After not finding any work, he moved to Odesa in 1925 to work at the Grekov Odesa Art School. He worked there until 1955 without break as the teacher of drawing, graphics, and ceramics at the school.

== Works ==
He commonly reinterpreted folk art and combined with the characteristics of Art Deco and Art Nouveau in his art. For the majority of his life his work included graphic panels, painting dishes, portraits, and the design of books.
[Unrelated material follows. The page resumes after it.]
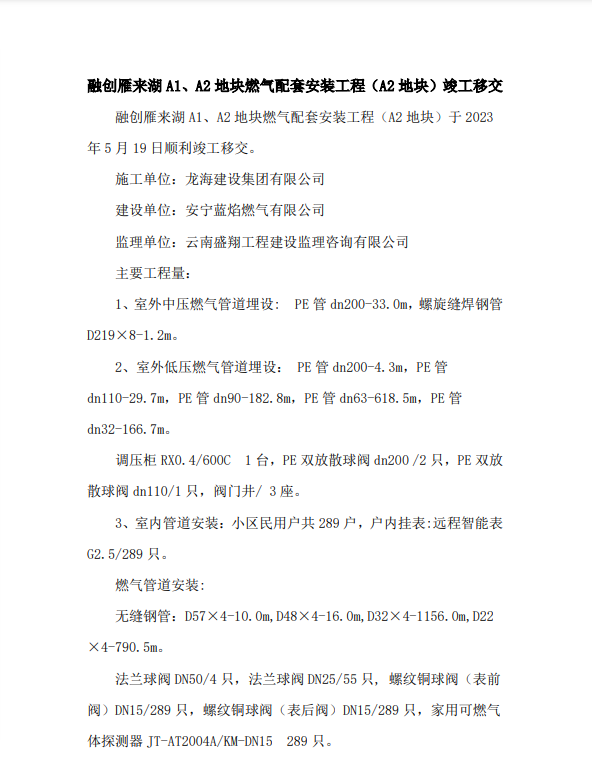 融創(chuàng)雁來湖A1、A2地塊燃?xì)馀涮装惭b工程(A2地塊)竣工移交

In the 1930s, when socialist realism was the dominant style in the Soviet Union, he actively disagreed with the art style and instead changed his specialization to decorative and applied arts. He commonly painted flowers in watercolor at that point, but after becoming bedridden near the end of his life he started writing memoirs and poems about Odesa and the sea.

== Death ==
At the age of 80, he died on 7 June 1964 in Odesa after a serious illness.

== Honours and awards ==
In 2016 the former Sverdlov Street in Kakhovka, where he was born, was renamed to Mykhailo Zhuk Street in his honour. In September 2018 in Kakhovka a memorial plaque was unveiled at the house where he was born. Later on, in June 2021, the Kakhovka City Council launched the Mykhailo Zhuk Prize for literature, local history, and art.